悔しさと恥ずかしさと情けなさに溢れてくる涙を止めることも出来ない。
「おーい、泉さーん」
布団の上からぽんぽんと叩かれる。
「……っ、う、ぐすっ」
それに返事をするでもなく、鼻を啜った。
「おーい、泉さんって、え……? もしかして泣いてる?!そ、そんな、おならくらいで泣くことないじゃん」
ええ?本当に?!
と、布団の外側から真が困惑したように話しかけてくる。
「だがら……っ、うっ、おならっおなら、言わないでってばぁ」
布団の中から返す。
「トリスタのみんなもするよ? この前も合宿の時に衣更くんがさ……」
「そんな話聞きたくない……っ、うっ」
「もう……、うーん……、だから、僕は気にしてないよ。てか、なんか笑ったら、悩んでたこと忘れちゃったし、逆に元気出たよ」
「……」
真が元気を出してくれたことは素直に嬉しいが、こんな方法で励ましたくなんてなかった。
「ね、出てきてください。今さらそんなことで嫌いになったりしないから」
布団を被り丸まる泉の背中を、あやすよう、トントンと叩きながら真が言う。
「……いや」
「泉さんだって、僕がおならしても別に嫌いならないでしょ」
「……お、俺はっ、ならないけど、ゆうくん、さっき笑ったでしょぉ……、ぐすっ、」
「うん、笑ったら元気出たよ。タイミングが神だったよね」
「ひどい……っ」
「あー、もう、冗談だってば。ねえ、泉さん、出てきてー」
そう言うのと同時、布団の上から真が覆い被さってくる。
「うーん、じゃあ、出てきてくれたら、泉さんが大好きなアレ言ってあげてもいいよ~」
泉の上にのしかかったまま、真が口を開く。膝をマットレスについているせいか、その重みはあまり感じられなかった。
「……アレ?」
「そう、アレアレ、」
とんとんと、泉の頭が埋まっている部分を軽く叩いてくる。そこを叩くと出てくる、そういう仕組みのものを叩くような真の仕草に促されるよう、泉はもぞもぞと布団から顔を出した。
「……」
布団にくるまっていたせいか、まだ羞恥が残っているせいなのか、その頬はりんごのように赤かった。
小さな子供のような表情に、真はまた笑った。
「あはは、真っ赤……」
赤く、熱くなった頬を撫でながら真が笑う。
「かわいいね、泉さん」
笑顔のまま、目を少し細め、本物の小さな子供を見つめるような眼差しを泉に向けて言う。すると、時間が止まる魔法にでもかかってしまったかのように、涙に濡れた青い瞳を大きく見開き、布団から顔半分を覗かせた状態で、泉はじっと固まってしまった。

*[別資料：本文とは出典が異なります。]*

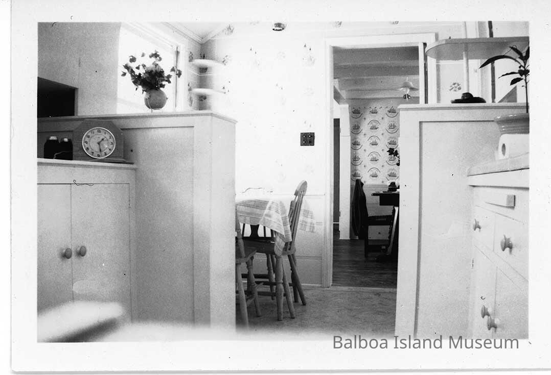 A black and white photograph of the kitchen at 600 Balboa Avenue. It shows the half wall separating the kitchen from the kitchen table and the doorway into the formal dining area.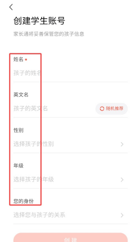 4、根据提示填写学生姓名、性别、年级及家长身份等信息即可完成创建。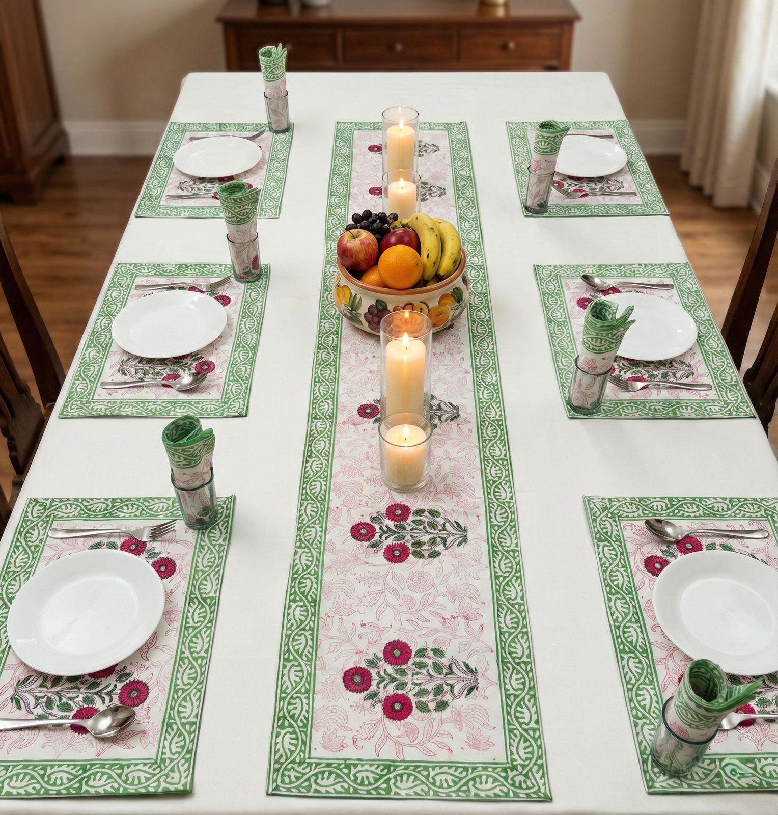 Pure cotton hand block printed placemats, runner and napkin combo for 6 seater dining table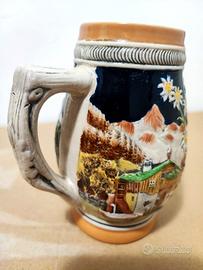 Vendo bellissimo boccale in ceramica smaltata decorato a rilievo proveniente dal Tirolo, perfetto come pezzo da collezione o come elemento d’arredo rustico.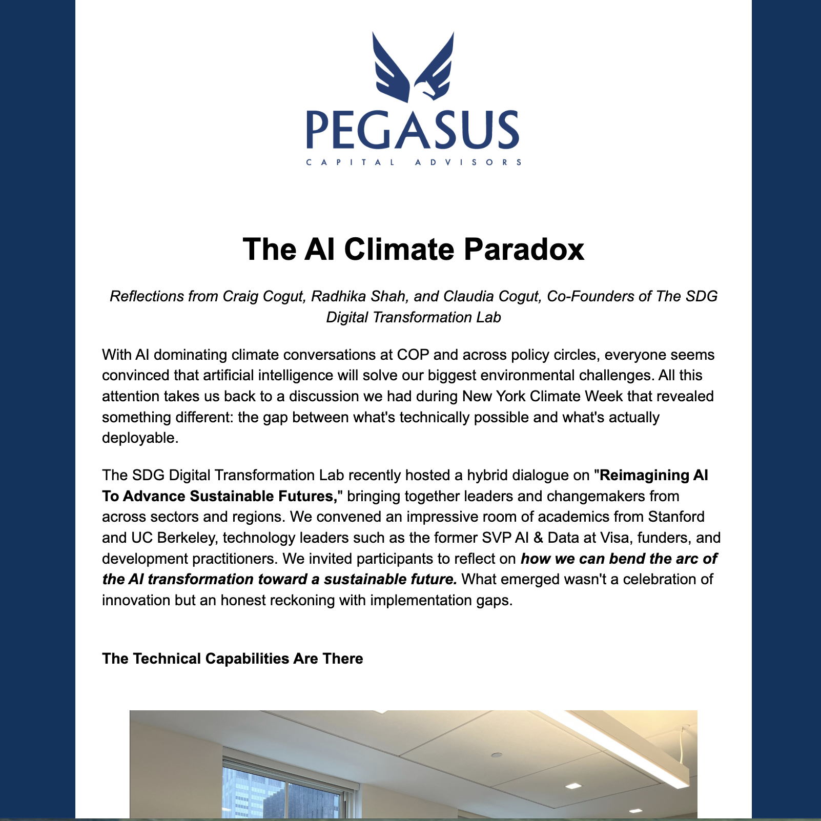 Craig Cogut founded Pegasus Capital in 1996 with the vision to change private equity investing by integrating social and environmental factors into the investment process. For nearly 30 years, sustainability and health have been at the heart of Pegasus’ investment strategies with numerous award-winning portfolio companies creating lasting positive impact. As the first U.S. private equity investment firm having obtained the landmark accreditation of the Green Climate Fund, Pegasus continues to build on its two and a half decades of experience with new and exciting initiatives that create value beyond returns.

しばらくの間、そうして真を見続けていた泉の目を覚ますかのよう、窓の外でカラスが鳴いた。
カーカーと、やけに夕焼けに映える声で鳴くカラスへと一度視線を向けた泉は、すぐに真へと視線を戻し、それから、「ちがうよ、ゆうくん」と、頬を膨らませた。
「……ソレじゃない」
それに、泉が頬を膨らませる。
『ソレ』を言われて嬉しかった気持ちはもちろんあるが、期待していた言葉ではなかった。
「あれ?違かった?」
ごめんね。
悪びれず言ってくる真に、「おにいちゃん、大好きって言ってほしかった」と文句を垂れれば、「おにいちゃんとキスは出来ないでしょ」と、熱くなった鼻先にキスを一つ落としてきた。